On finit par en contracter l’habitus, comme disent les latins, une disposition acquise, voire une
seconde nature.
• mais comment savoir ce qu’il faut faire pour accomplir un acte courageux, concrètement : comment
savoir jusqu’à quel point, avec quelle énergie, jusqu’à quel sacrifice, il faut se battre pour être
courageux ? Comment savoir ce que je dois dire lorsqu’on me félicite pour un acte honorable, afin de
ne faire preuve ni de vanité ni de fausse modestie ?
Ici le modèle de la science est inapproprié, le monde pratique dans lequel nous vivons est fait de
situations singulières, donc ne peut être l’objet que d’opinion (thèse constante d’Aristote).

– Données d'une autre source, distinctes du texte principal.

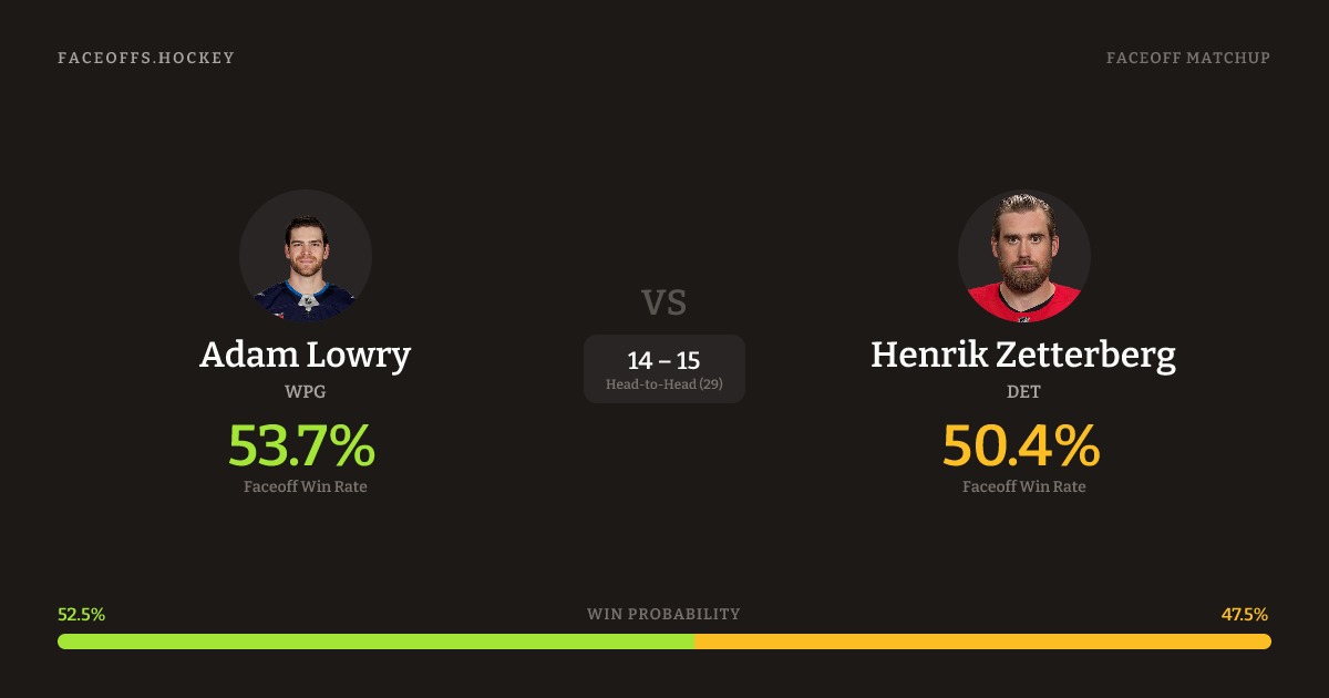 Adam Lowry vs Henrik Zetterberg — Faceoff Head-to-Head
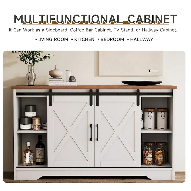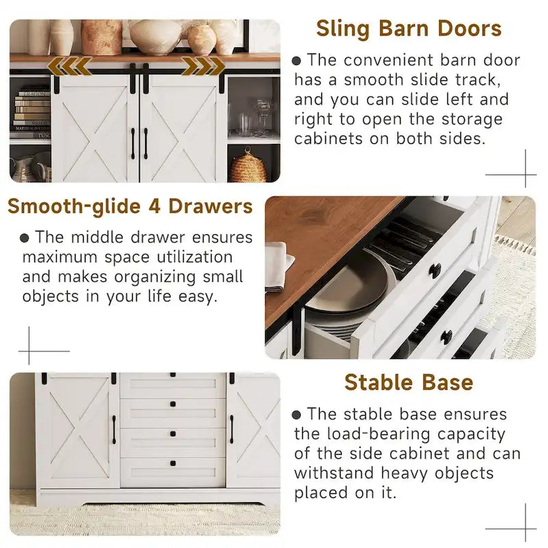 - Stunning buffet sideboard: Paired with 2 classic sliding doors and 4 functional drawers, it combines modern flair with farmhouse appeal, effortlessly complementing any home decor.
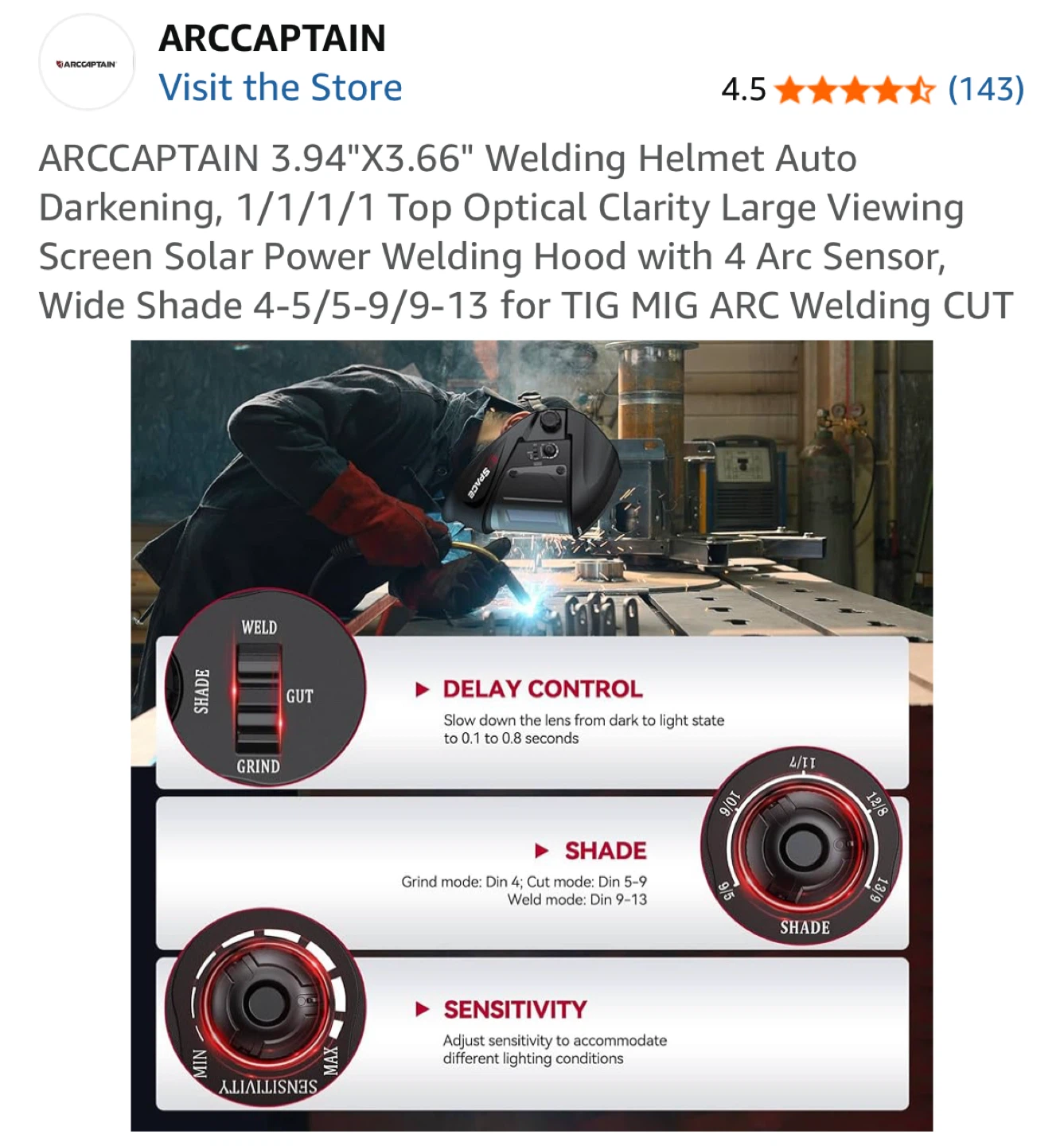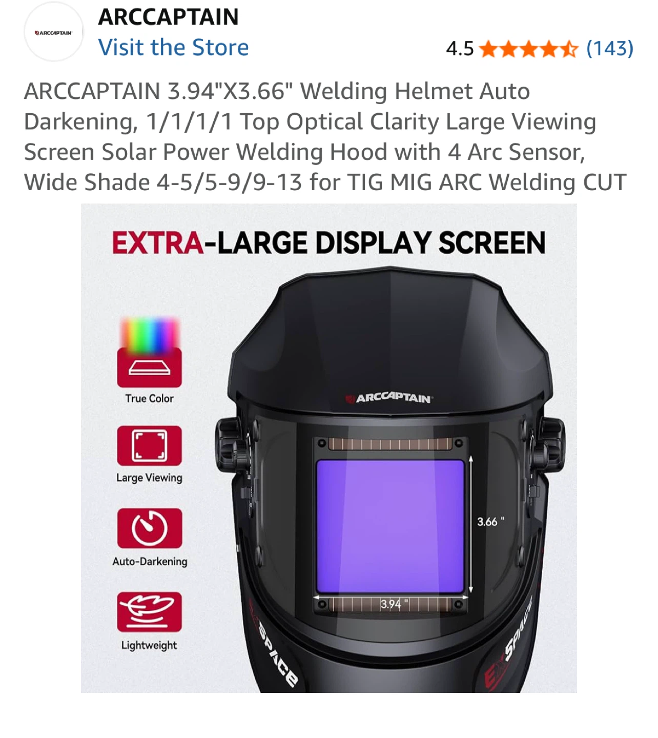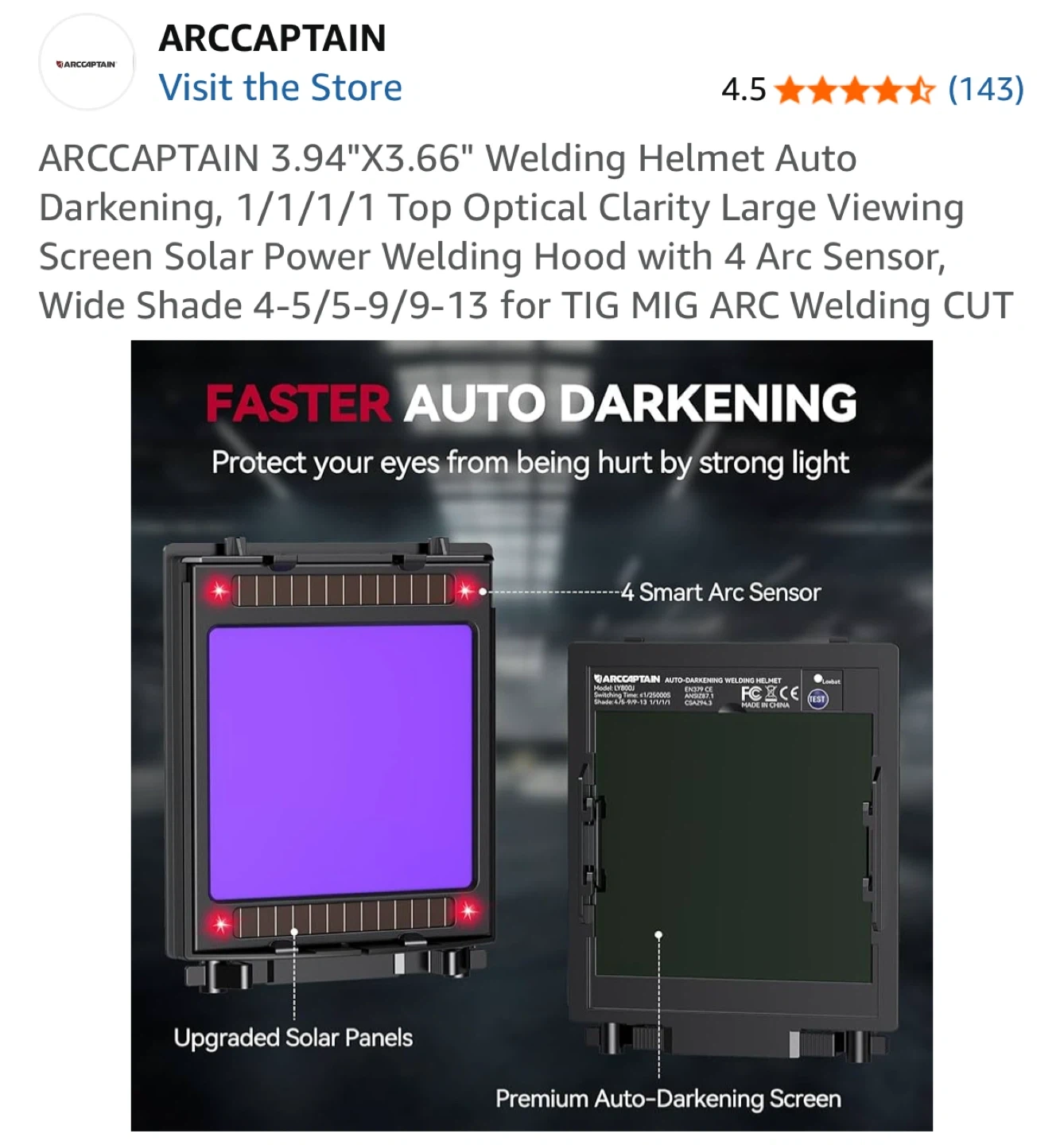 ARCCAPTAIN Auto Darkening Welding Helmet
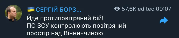 Борзов исправил сообщение по поводу воздушного сражения в Винницкой области / Скриншот
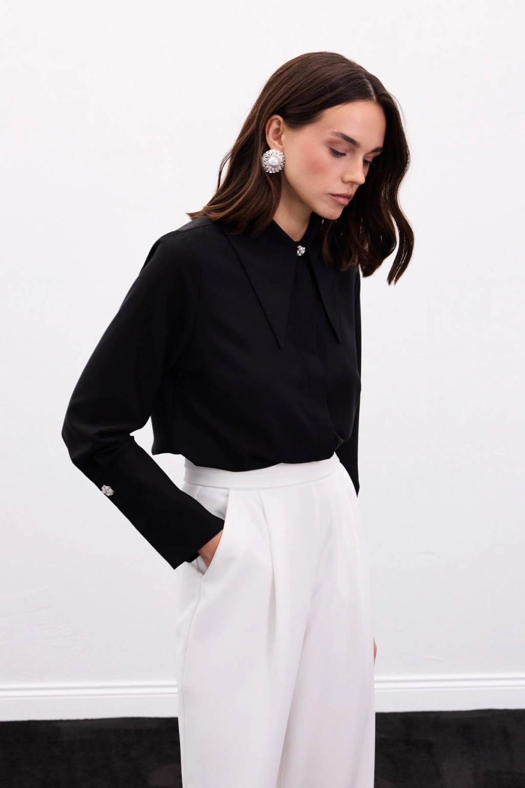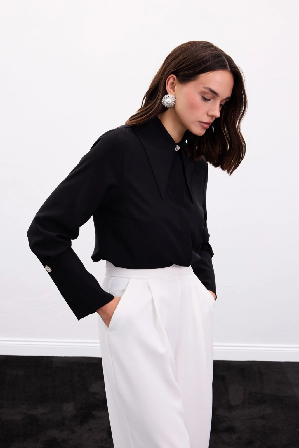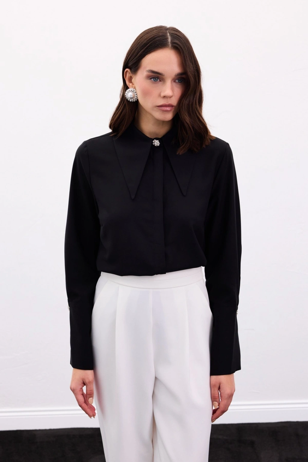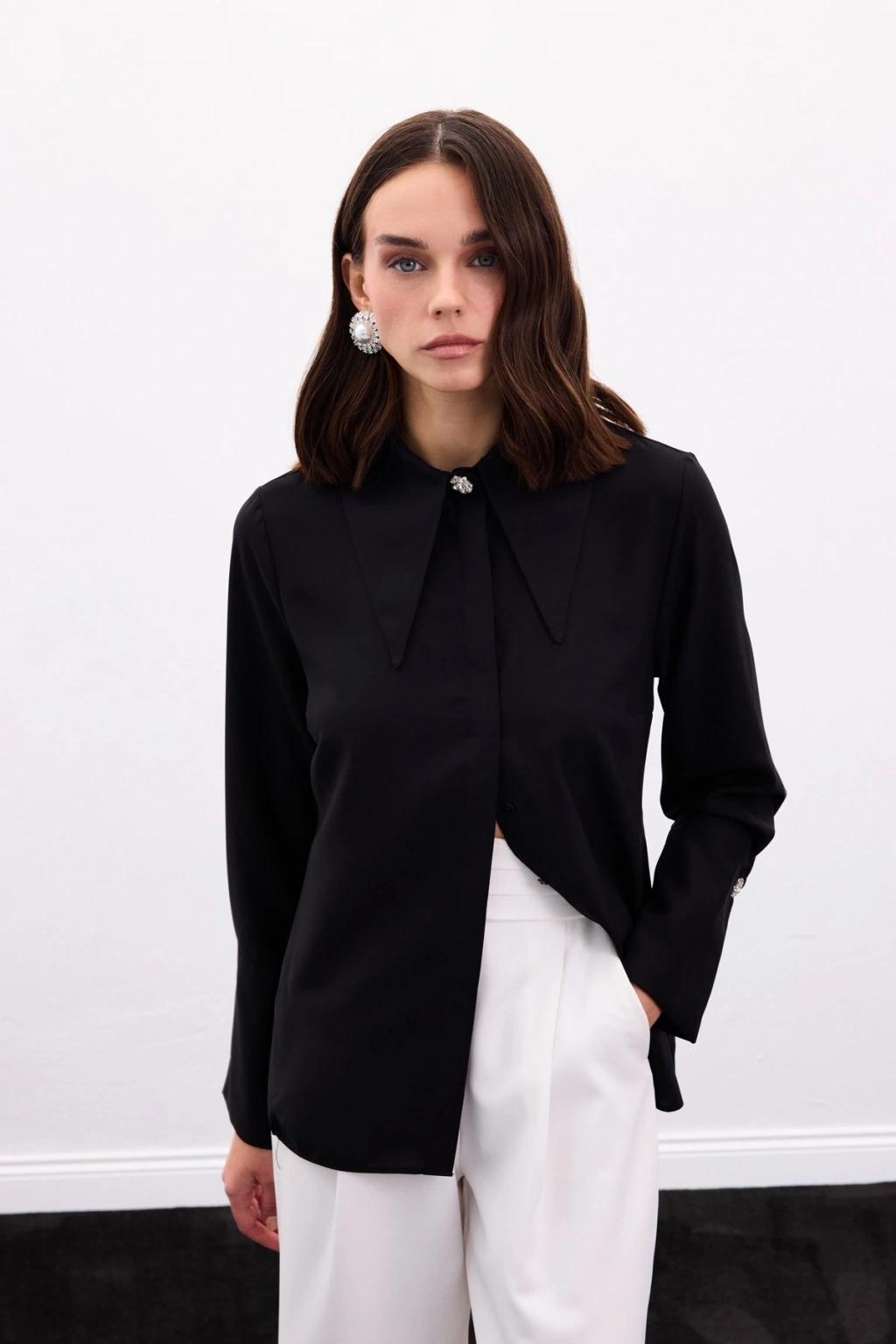 Yaka Ve Manşet Aksesuarlı Gömlek - Siyah
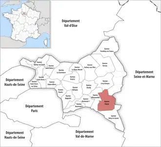![]() Lage des Kantons Gagny im Département Seine-Saint-Denis | |

Pour déterminer notre décision, nous raisonnons, de manière consciente ou non : nous avons estimé la
situation (à qui l’on a affaire, dans quelle circonstance, etc.) et nous avons tranché entre diverses
options possibles : la délibération se conclut par une décision et l’action. Le combattant à estimer le
risque qu’il courait, les forces de l’adversaire, les siennes propres, … et a agis en conséquence. De
même l’homme honoré a estimé le caractère de ses interlocuteurs, etc., et a trouvé le mot adéquate
pour n’être ni prétentieux ni inutilement humble. La « phronesis » ou sagesse pratique
est cette vertu
intellectuelle qui nous rend capable d’estimer correctement une situation et les personnes concernées,
et déterminer l’action la plus approprié. Elle nous rend donc capable d’appliquer la règle (« tu ne dois
pas faiblir » ; « tu ne dois pas te vanter », etc) en situation concrète, ou d’atteindre notre fin (le courage,
etc) avec les moyens adéquates.
• Mais parfois, nous hésitons non pas sur la bonne manière d’atteindre telle fin (l’acte courageux, la
modération, etc.) sur quelles fins poursuivre, parmi plusieurs : par exemple, dois-je rester au combat/
au travail, ou dois-je remplir d’autres obligations, comme mes devoirs familiaux ? La concurrence
entre plusieurs fins et les conflits de devoirs ne sont pas du tout exceptionnels : ils sont quotidiens. Ils
sont liés au fait que nous multiplions nos activités, nos relations, et nos statuts (amis, employé,
collègue, père, etc…), sans nous diviser nous-mêmes. Comment être un bon fils, et un bon ami, et un
bon étudiant, etc. ? Certains statuts et obligations qui y sont liées imposent une hiérarchie stricte,
formelle : certaines professions impliquent une priorité sur nos obligations familiales. Mais dans la
plupart des cas, la hiérarchie est variable selon les moments, les situations. Selon Aristote, l’éthique,
comme la politique, est l’art de hiérarchiser mes fins au mieux selon les circonstances (afin de
réussir sa vie, individuelle en éthique, la vie collective de la cité en politique). La phronesis, la sagesse
pratique, est cette qualité intellectuelle qui nous fait choisir les bonnes fins en fonction des bonnes
circonstances.
• C’est une vertu que peuvent partager l’homme privé (vous, moi) et l’homme public (l’homme
politique ou le général, comme Périclès pour Aristote, Napoléon ou De Gaulle pour nous). C’est le
sage qui fournit la mesure de la bonne manière d’agir. Il faut s’inspirer de la manière dont les hommes
sages dans l’action, prudents, vertueux, agissent, s’en servir comme exemple, pour inspirer notre
conduite. L’exemple est plus important que la règle : c’est lui qui donne la règle, comme l’artiste de
génie (Kant, Alain).
Le grec ancien dispose de deux mots traductible par « sagesse ». « Sophia » signifie davantage sagesse
théorique (un savoir général des choses les plus importantes). Phronesis signifie chez Aristote puis Épicure la
sagesse pratique : savoir comment bien agir. Les philosophes latins ont traduit prudentia, qui a donné le français
prudence, mais dont le sens moderne est très appauvri.